Monday, March 16, 2009
Remembering Steve
Yesterday we had a wonderful gathering partly to remember Steve and most importantly, for me, to show my appreciation to all the wonderful people who have been with us this past year. Over 50 people came. It was quite amazing for me to see the number of people who have entered our lives since Steve died. I remember when dad died and how many people disappeared from our lives. I personally thought it was because Tom had entered our lives and people didn't like him. But I have come to surmise that it is more because people are so uncomfortable with death and grief...they (the people) run the other way because they don't want to have anything so horrible close to them.

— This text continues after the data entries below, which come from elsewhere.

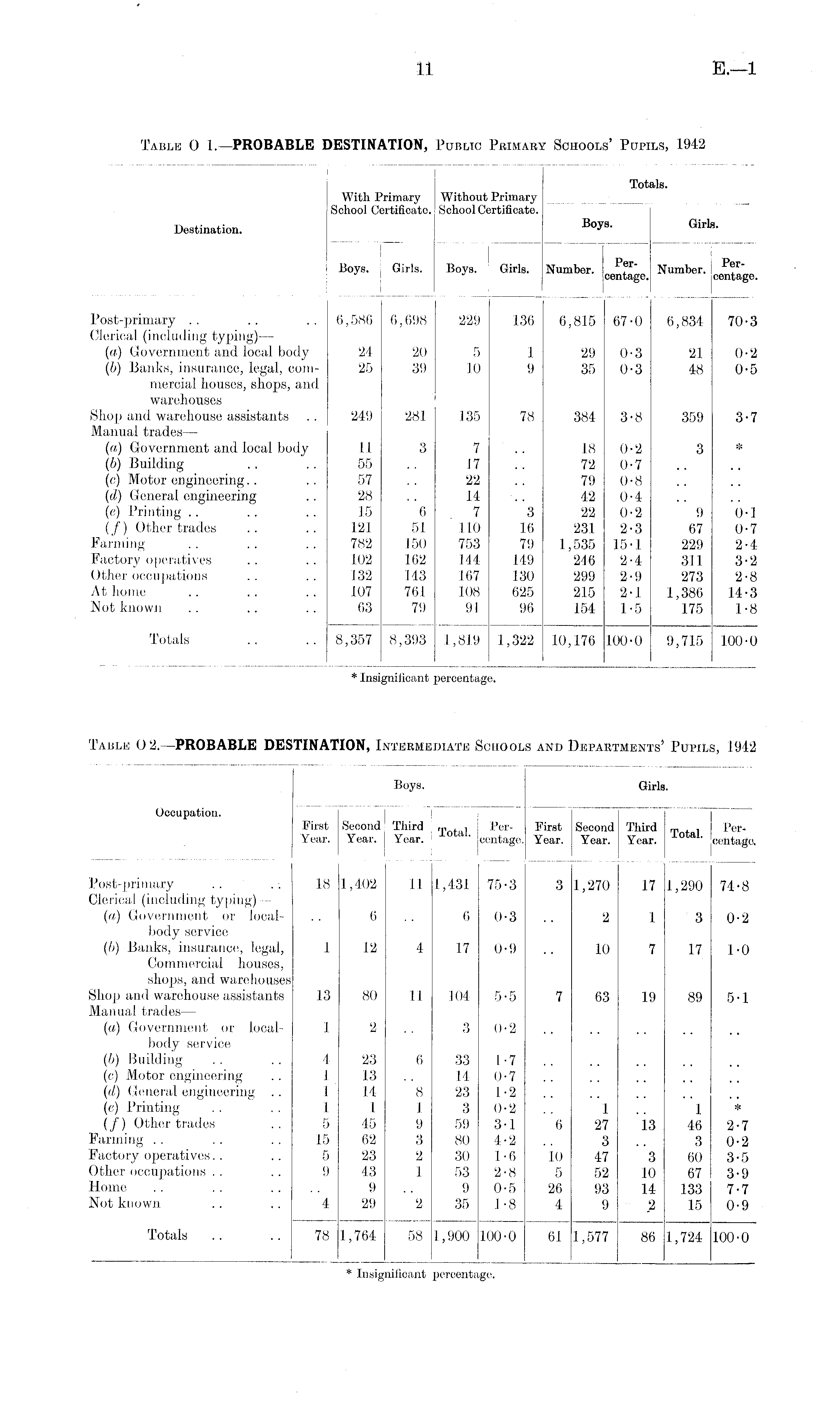 Table 0 1.—PROBABLE DESTINATION, Public Primary Schools' Pupils, 1942 Totals. With Primary Without Primary School Certificate. School Certificate. Destination. Boys ' Girk " j ~ : ! | | Boys. Girls. Boys. Girls. Number. P f r " Number, i P ° r " : * centage. centage. Post-primary .. .. .. 6,586 6,698 229 136 6,815 67-0 6,834 70-3 Clerical (including typing)— (а) Government and local body 24 20 5 1 29 0-3 21 0-2 (б) Banks, insurance, legal, com- 25 39 10 9 35 0-3 48 0-5 mercial liouses, shops, and warehouses Shop and warehouse assistants .. 249 281 135 78 384 3-8 359 3-7 Manual trades— (a) Government and local body 11 3 7 .. 18 0-2 3 * (b) Building .. .. 55 .. 17 .. 72 0-7 (c) Motor engineering.. .. 57 .. 22 .. 79 0-8 (d) General engineering .. 28 .. 14 .. 42 0-4 (e) Printing.. .. .. 15 6 7 3 22 0-2 9 0-1 (/) Other trades .. .. 121 51 110 16 231 2-3 67 0-7 Farming .. .. .. 782 150 753 79 1,535 15-1 229 2-4 Factory operatives .. .. 102 162 144 149 246 2-4 311 3-2 Other occupations .. .. 132 143 167 130 299 2-9 273 2-8 At home .. .. .. 107 761 108 625 215 2-1 1,386 14-3 Not known .. .. .. 63 79 91 96 154 1-5 175 1-8 Totals .. .. 8,357 8,393 1,819 1,322 10,176 100-0 9,715 100-0 * Insignificant percentage. Table 0 2.—PROBABLE DESTINATION, Intermediate Schools and Departments' Pupils, 1942 Boys. Girls. Occupation. First Second Third , Per- First Second Third T . PerYear. Year. | Year. ' ' centage. Year. Year. Year. Aotal - eentago. Post-primary .. .. 18 1,402 11 1,431 75-3 3 1,270 17 1,290 74-8 Clerical (including typing) — (а) Government or local- .. 6 .. 60-3 .. 2 1 30-2 body service (б) Banks, insurance, legal, 1 12 4 17 0-9 10 7 17 1-0 Commercial houses, shops, and warehouses Shop and warehouse assistants 13 80 II 104 5-5 7 63 19 89 5-1 Manual trades— (a) Government or local- I 2 .. 3 0-2 body service (b) Building .. .. 4 23 6 33 1-7 (c) Motor engineering .. 1 13 .. 14 0-7 (d) General engineering .. 1 14 8 23 1-2 (e) Printing .. .. 1 I 1 3 0-2.. I 1 * (/) Other trades .. 5 45 9 59 3-1 6 27 13 46 2-7 Farming .. .. .. 15 62 3 80 4-2 .. 3 .. 3 0-2 Factory operatives.. .. 5 23 2 30 1-6 10 47 3 60 3-5 Other occupations .. .. 9 43 1 53 2-8 5 52 10 67 3-9 Home .. .. .... 9 9 0-5 26 93 14- 133 7-7 Not known .. .. 4 29 2 35 1-8 4 9 ,2 15 0-9 Totals .. .. 78 1,764 58 1,900 100-0 61 1,577 86 1,724 100-0 * Insignificant percentage.
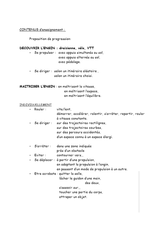 Vous trouverez ci-après des contenus d'enseignement qui peuvent vous aider à construire votre séquence dans une activité sportive voulue.
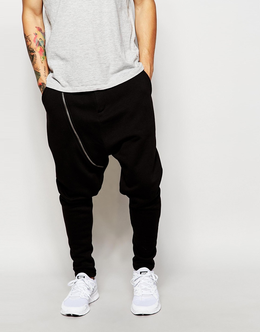 Image 1 of ASOS Drop Crotch Joggers With Biker Zip Detailing
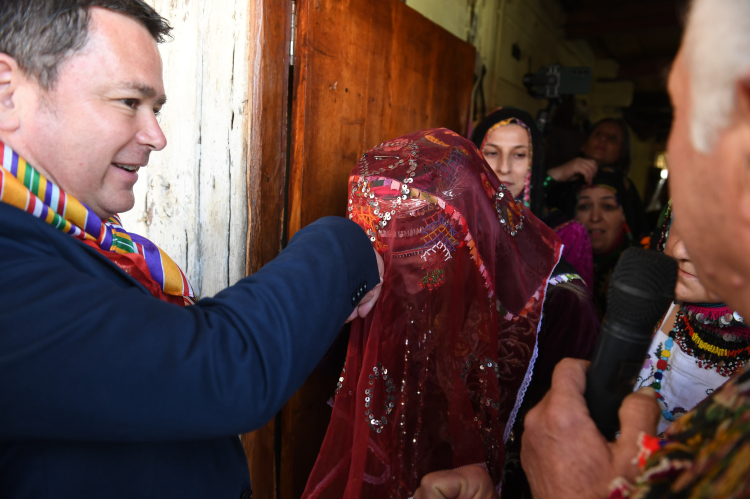 Köy meydanında düzenlenen törende, gelin ve damadın nikahlarını kıyan Başkan Aydın, çifte mutluluklar dilerken, nikah cüzdanını geline teslim etti.
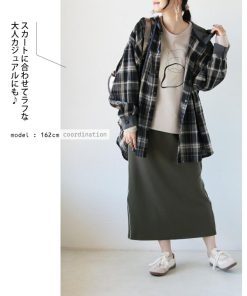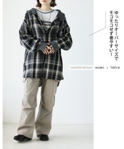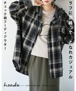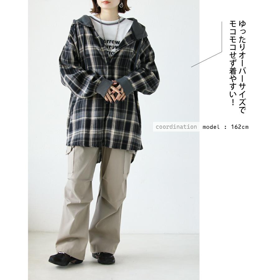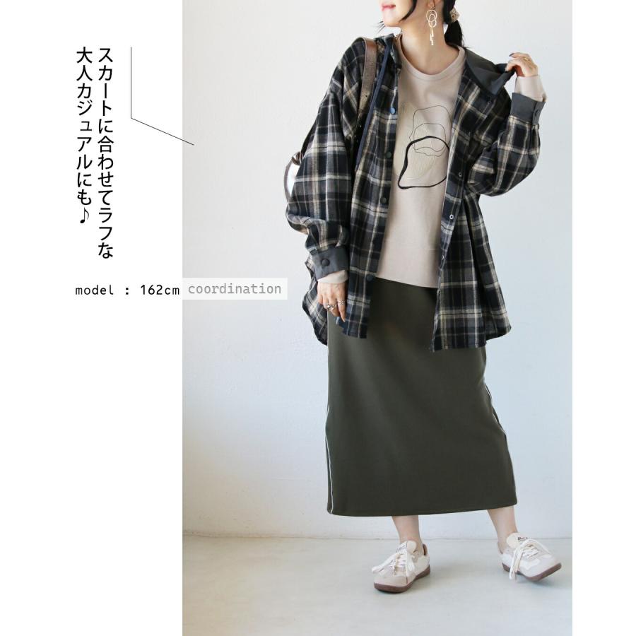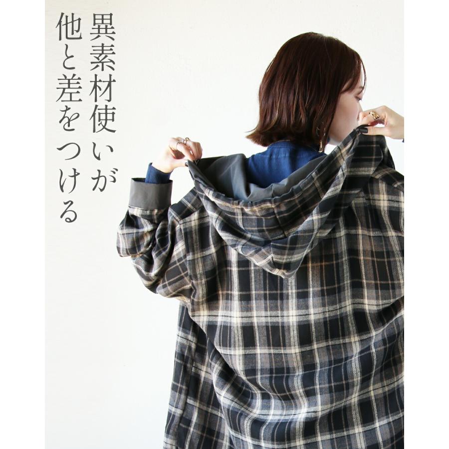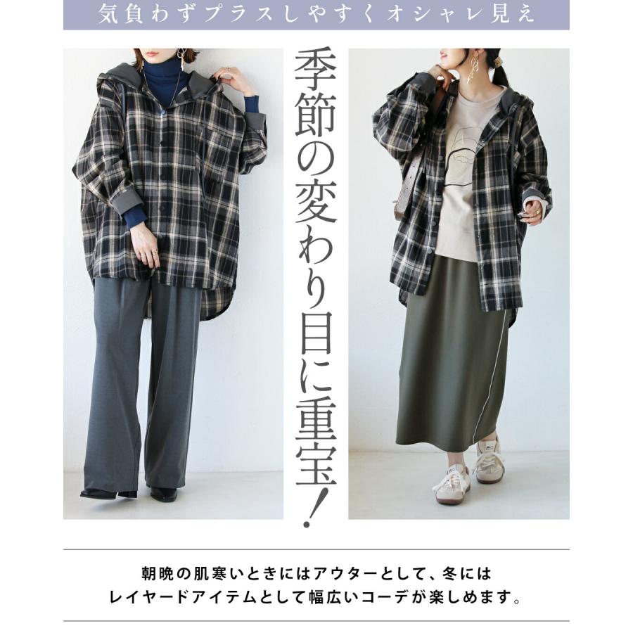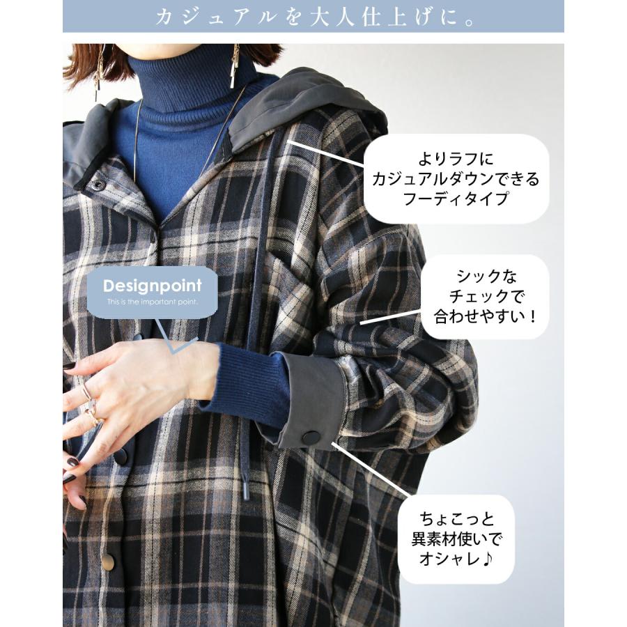 シャツ ラフに羽織って、こなれカジュアル チェック柄フーディアウター 薄手 長袖 パーカー 羽織り ライトアウター オーバーサイズ 大きいサイズ 体型カバー 秋 冬 春 秋冬 ブラック
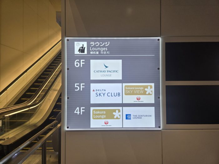 4階に上がるとまずサクララウンジがあり、その先に進むとAMEXのロゴが付いたポールみたいな看板が出ていて、あ、ここか、とわかります。
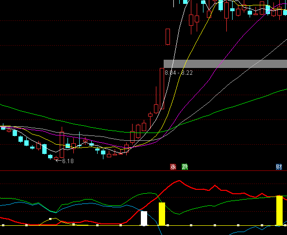 捉鳖:EMA(IF(L<= LLV(L,99),SMA(ABS(L-REF(L,1)),99,1)/SMA(MAX(L-REF(L,1),0),99,1),0)*5,3),COLORYELLOW;
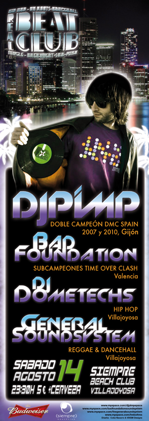 «General Sound System tiene el placer de informar de la sexta edición del Real Beat Club, fiesta mensual que se celebra en la discoteca Siempre Beach Club (avd. del puerto, Villajoyosa, Alicante), donde se recorren los sonidos nu roots, dancehall, hip hop, ska, funk y jungle.»
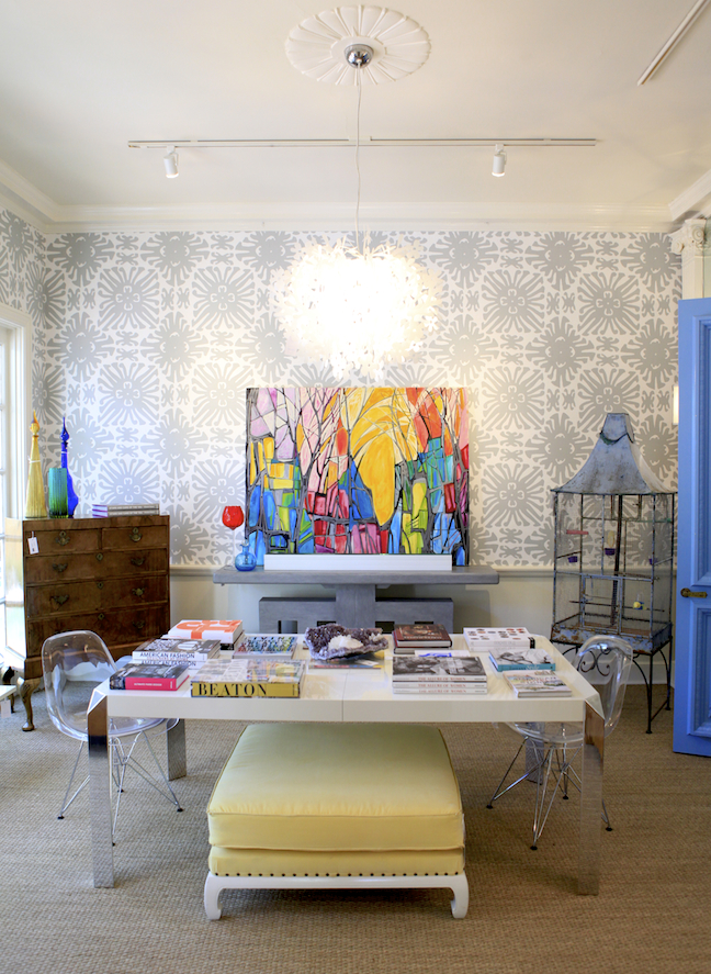 This room is so fun, it makes me a little giddy. I love how they combined the yellow chair with the yellow chandelier. Your eye almost struggles to decide which piece it wants to look at. This also draws attention to the cool wall art. And the little yellow accent on the zebra print chairs is like cherry on top.
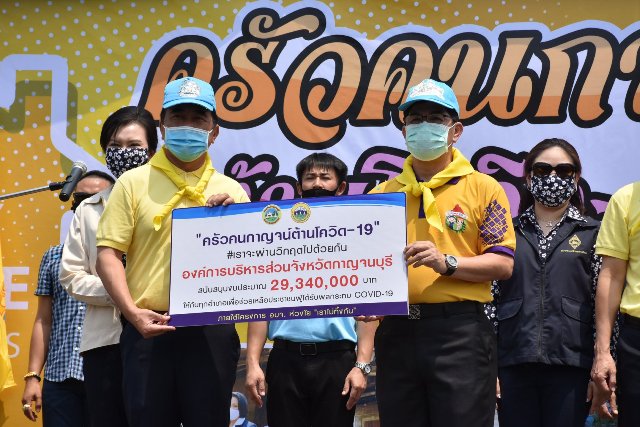 โดยมี นายจีระเกียรติ ภูมิสวัสดิ์ ผู้ว่าราชการจังหวัดกาญจนบุรี เป็นประธานเปิดโครงการ และนายบวรศักดิ์ วานิช รองผู้ว่าราชการจังหวัดกาญจนบุรี กล่าวรายงานวัตถุประสงค์ของการจัดโครงการฯ ซึ่งในครั้งนี้ องค์การบริหารส่วนจังหวัดกาญจนบุรีโดยนายรังสรรค์ รัศมีฤกษ์เศรษฐ์ นายกองค์การบริหารส่วนจังหวัดกาญจนบุรี ได้มอบงบประมาณสนับสนุนจำนวน 29,340,000 บาท ให้กับจังหวัดกาญจนบุรีเพื่อเป็นทุนตั้งต้นในการตั้งโรงครัวของทุกหมู่บ้านและชุมชน เพื่อให้การช่วยเหลือพี่น้องประชาชนที่เดือดร้อนให้มีอาหารรับประทาน ในช่วงของสถานการณ์ของการแพร่ระบาดไวรัสโคโรนา2019 (Covid–19)

Yes, being with a grieving person takes extra care. They might cry or want to talk about the person that died. Heaven forbid anyone show vulnerable emotions. I managed to make it through the time without tears. It was nice to see people...but it wasn't until I got home...the house was quiet, a glass of wine and Pachelbel's Canon playing on the CD player. Then the hole opened up, the emptiness engulfed me and the pain took over. I cried and cried. Bill was so patient and kind talking me through it. The pain must be felt...there is no one and nothing that can take it away. It's like a miserable bear hunt...I can't go around it, can't go over it, can't go under it...I MUST Go Through It. And through it I will...with the help of my friends. Thank you, all you friends out there...without you, going through it would be unimaginable.